Cornerstone School Principal and Executive Director Derrick Max remembers watching video of the murder of George Floyd. Floyd was killed by Minneapolis police May 25 when an officer kneeled on his neck for 8 minutes and 46 seconds.

Numb, Max said he yelled at the officer on screen to get off Floyd’s neck. His heart broke for Floyd’s family, he said, but also for his students, who he knew would be hurt, scared and infuriated by the footage. Although discussions about racial issues are not new to the school, Max said, Floyd’s death has emphasized the need to address them more directly.

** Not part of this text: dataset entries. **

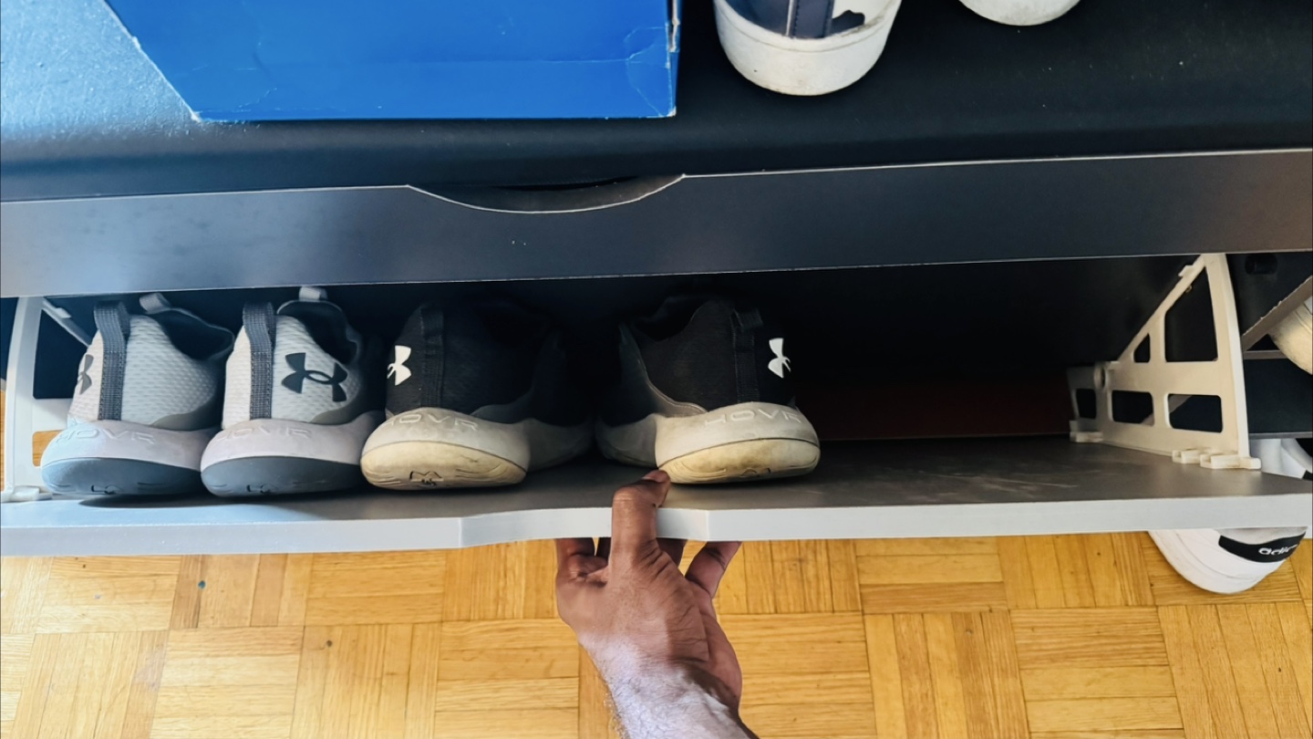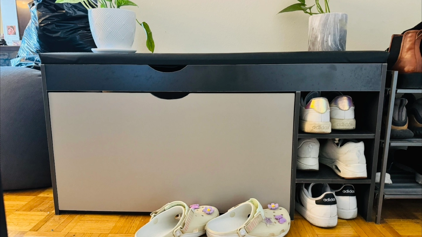 Selling a handy shoe cabinet that doubles as a bench! It's perfect for keeping your entryway tidy and giving you a spot to sit while you put on your shoes. Great for small spaces!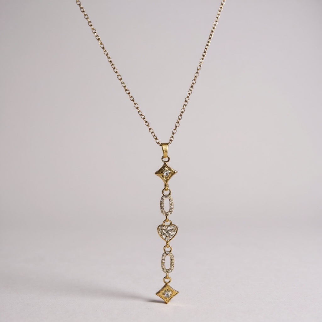 Το Heart & Crystal Drop Necklace ξεχωρίζει για τον κομψό και εκλεπτυσμένο σχεδιασμό του. Τα διαδοχικά στοιχεία με κρύσταλλα δημιουργούν ένα κάθετο αποτέλεσμα που κολακεύει τον λαιμό, ενώ η καρδιά στο κέντρο προσθέτει μια διακριτική ρομαντική πινελιά.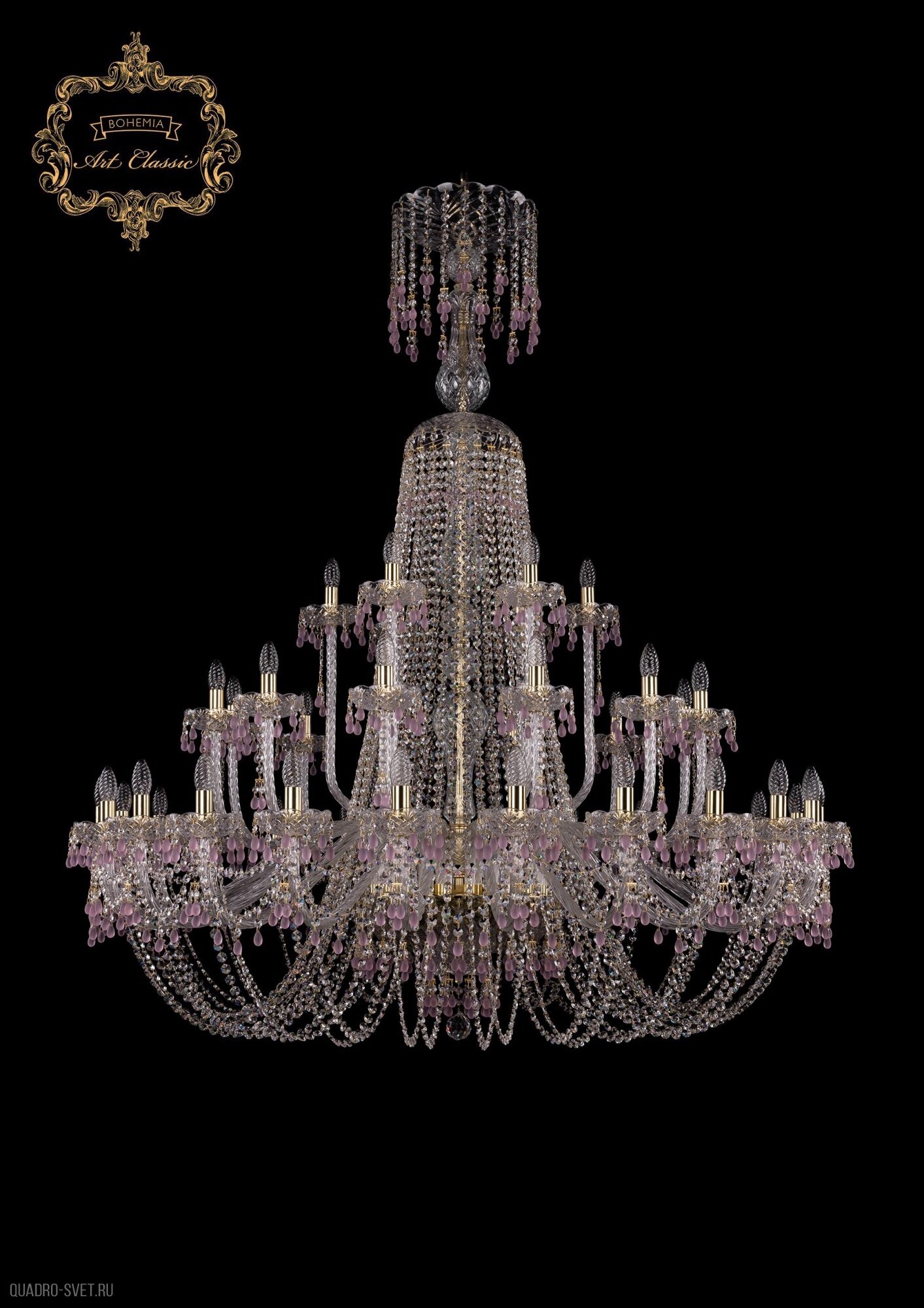 Хрустальная подвесная люстра 11.24.24+12+6.530.XL-168.Gd.V7010 - продукт известной компании Art Classic (Чехия). Имеет максимальную мощность 1680 Вт, освещает площадь до 93 кв. м. Отлично подойдет для таких мест, как зал, холл. Впишется в интерьеры следующих стилей: классический, барокко.
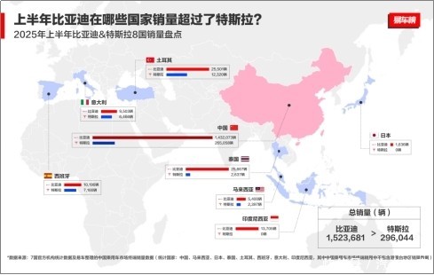 随着全球化业务的快速推进,比亚迪在海外多个市场,包括意大利、西班牙、土耳其、日本、泰国、印度尼西亚、马来西亚等一系列特斯拉深耕多年的市场,比亚迪均实现了赶超。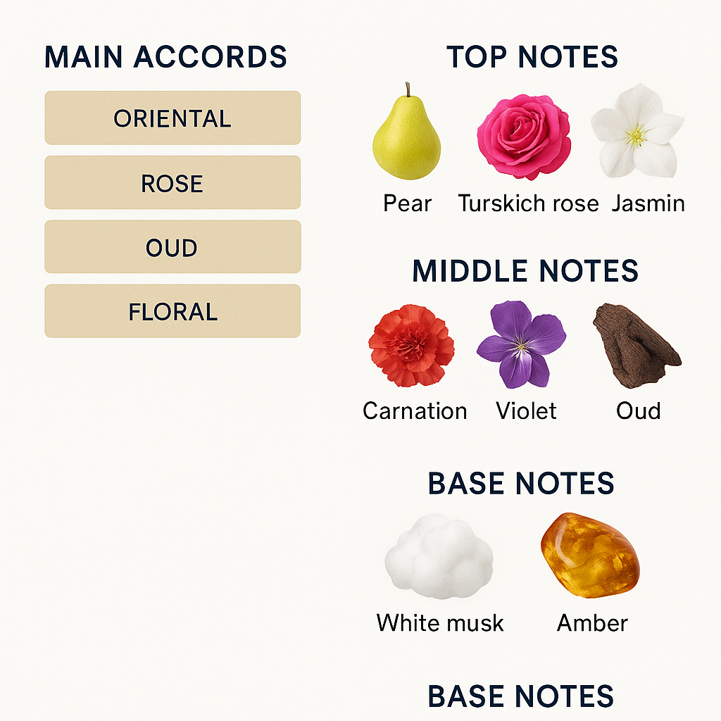 A unique fragrance: blending warm oriental notes and distinctive oud scents with a touch of fruit.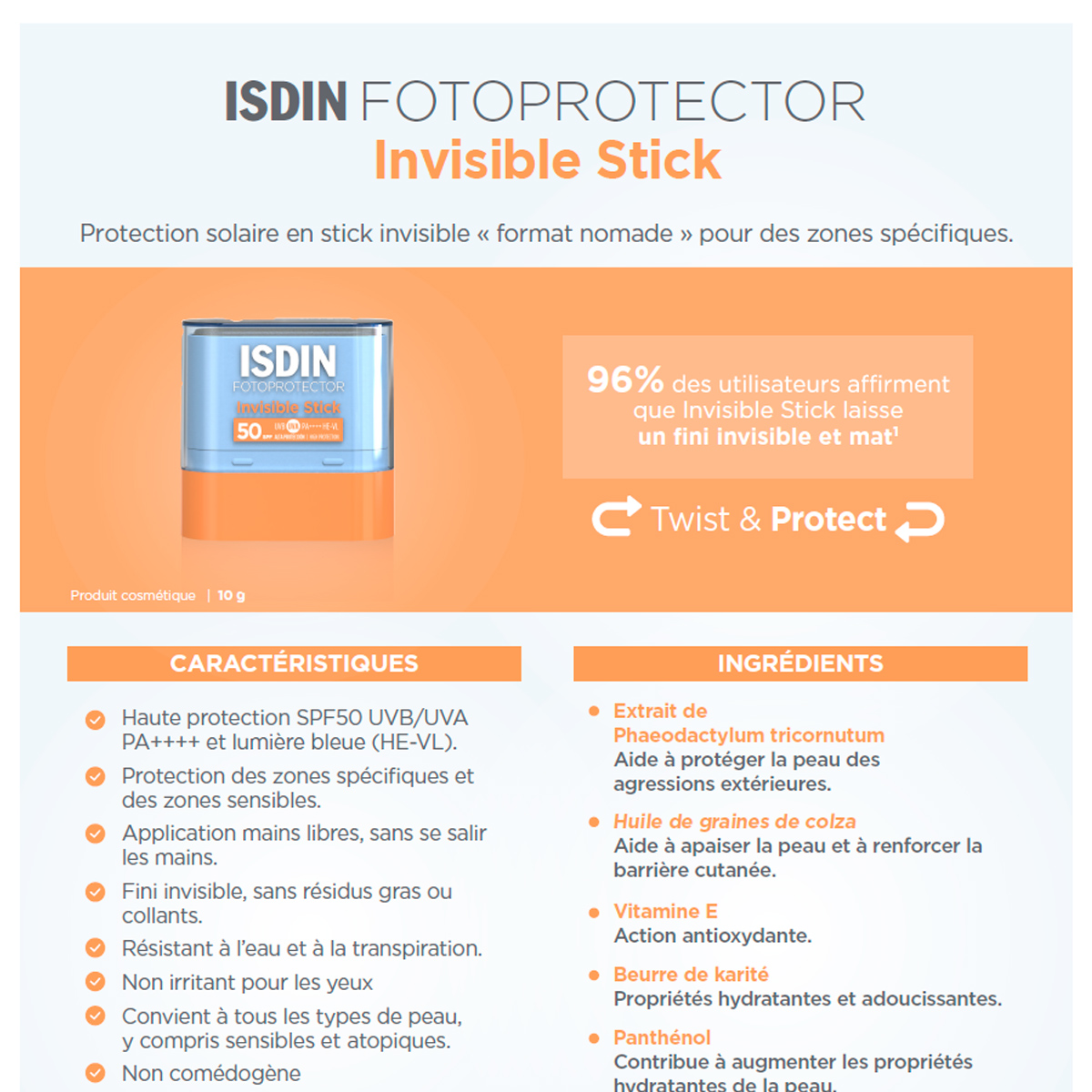 Protection solaire en stick invisible « format nomade » pour des zones spécifiques.
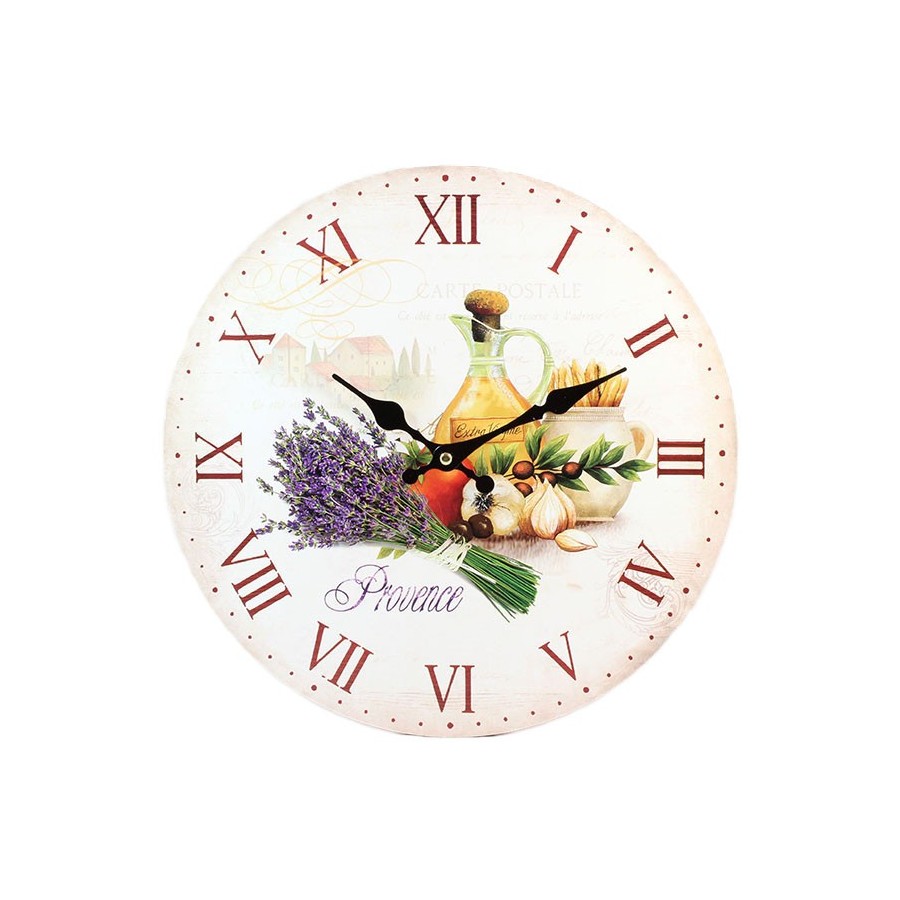 Zegary ścienne to zegary do kuchni, z uroczymi motywami bukietu kwitnącej lawendy, dzbana z oliwą z oliwek, gałązki oliwnej i plonów natury. Całość tła, wraz z napisem "Prowance" wpisana jest w styl prowansalski, który w niezwykły sposób podkreśla domową atmosferę. Dzięki dobrze dobranej kolorystyce, wskazówki i cyfry na tarczy są dobrze widoczne. Zegar do kuchni zasilany jest pojedynczą baterią AA( zwykły paluszek).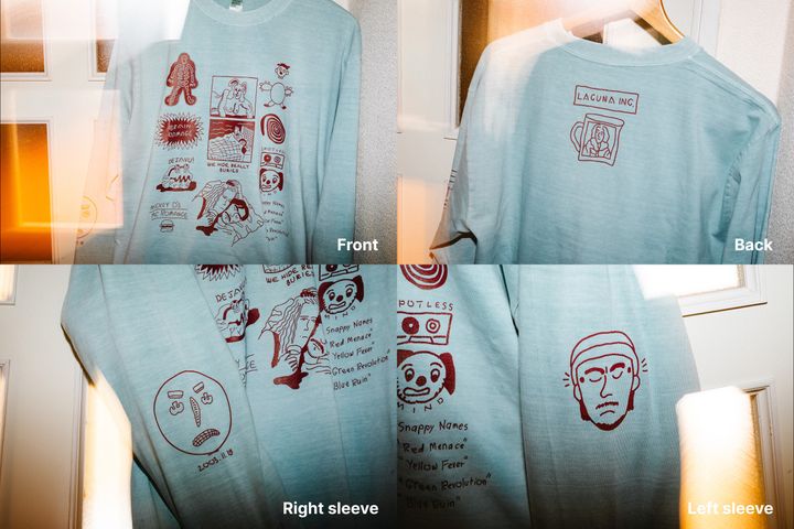 フロントには『エターナル・サンシャイン』の様々なシーンをモチーフとしたイラストを大胆に配置、バック、両スリーブにもワイポイントのイラストをあしらった贅沢な一枚。ボディは味のあるヴィンテージ風、太リブ&ワイドシルエットが魅力のD-FACTORYヘビーウェイトを使用。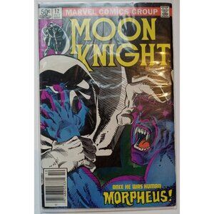 "Moon Knight #12 (1981) features the first appearance of Morpheus in this vintage Marvel comic book comes with boarded and dust jacket features. Written and illustrated by Doug Moench, this color comic from the Bronze Age era is a must-have for any Moon Knight fan. The newsstand variant with English language text is suitable for general audience collectors looking to add a piece of Marvel (MCU) history to their collection."
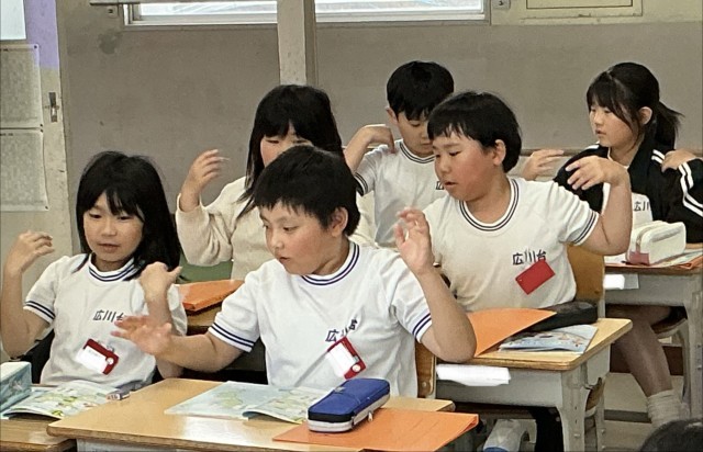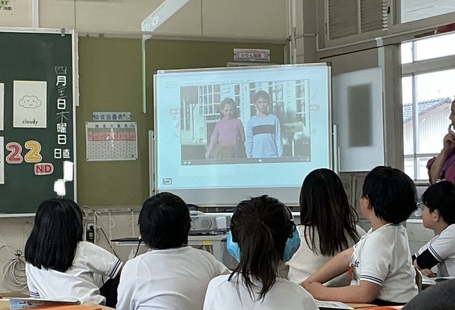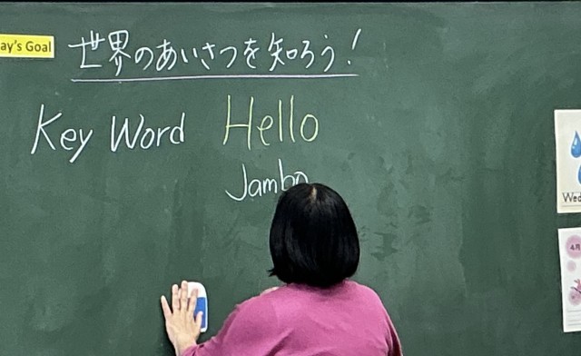 ハロー、アンニョハセヨ、ニーハオ、おはよう…など、ALT の先生が続けざまに話していくので、2人1組を作って、真ん中に置いた消しゴムを取り合うゲームです。
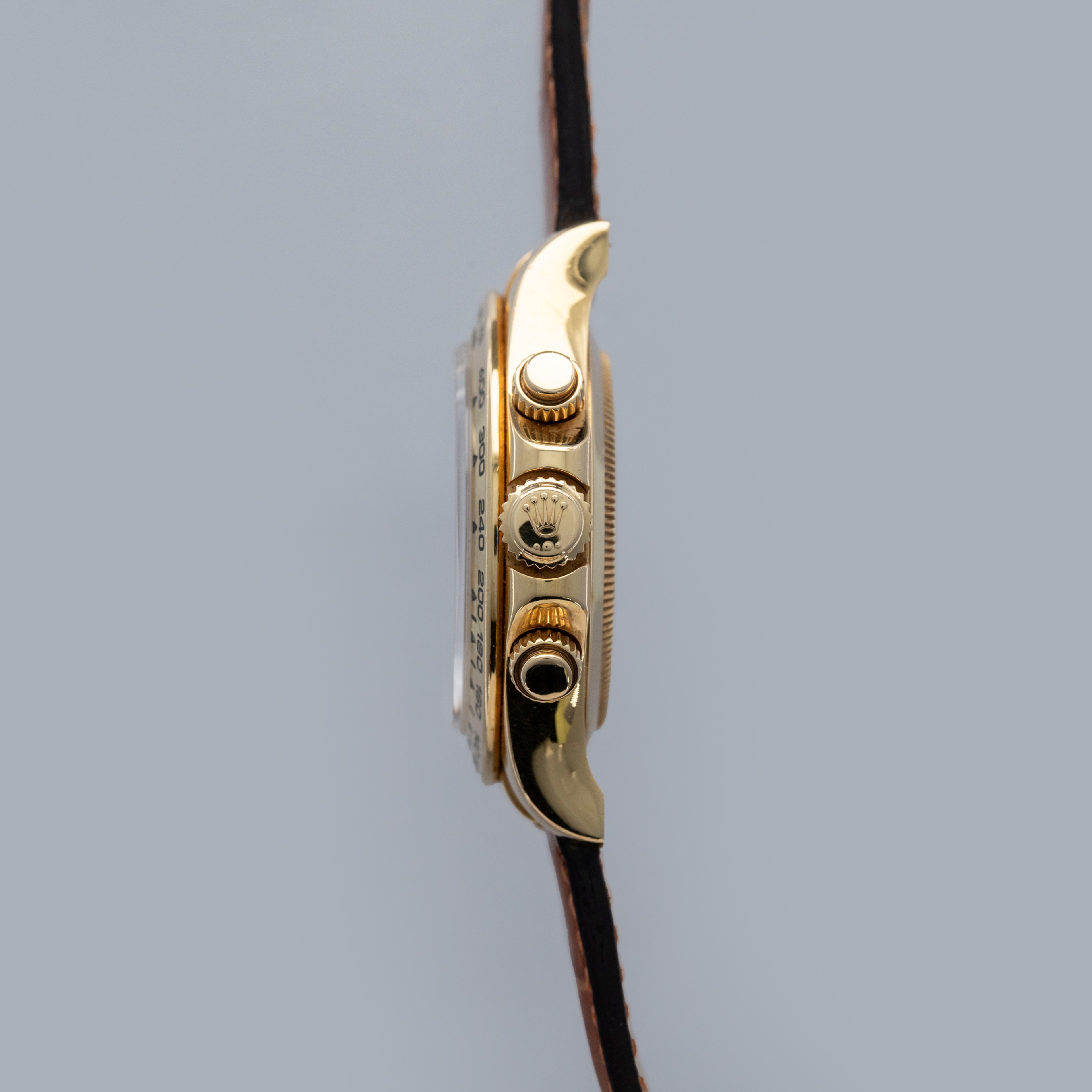 Made of 18kt yellow gold and offered on a leather strap, this ref 116518 variant adds a dressier elegance to the Daytona's design than we typically see when it is paired with its typical Oyster bracelet.

“For our students, I think there’s a growing sense of fear and sadness, I think bringing out in some of them anger,” he said. “I’m sure most of them were angry. It’s a real issue, it brought it home.”

As schools contemplate reopening amid the pandemic, they will also resume class in a period of heightened racial tensions in America. Educators agree it is a galvanizing moment in understanding our history as a country and as communities, and some say the historical moment is causing them to reexamine what and how they teach.

But many District schools say that they have been working to create learning opportunities around issues of racial equity long before Floyd’s murder and the subsequent unrest, and that schools can help students to understand and participate in this moment.

Bridging the Divide
Cornerstone Schools (www.cornerstone-schools.org) is a Christ-centered private school located in Ward 7. The school’s goal is to help students craft a Christian worldview, where they consider even issues such as race, racism and privilege from a Biblical perspective.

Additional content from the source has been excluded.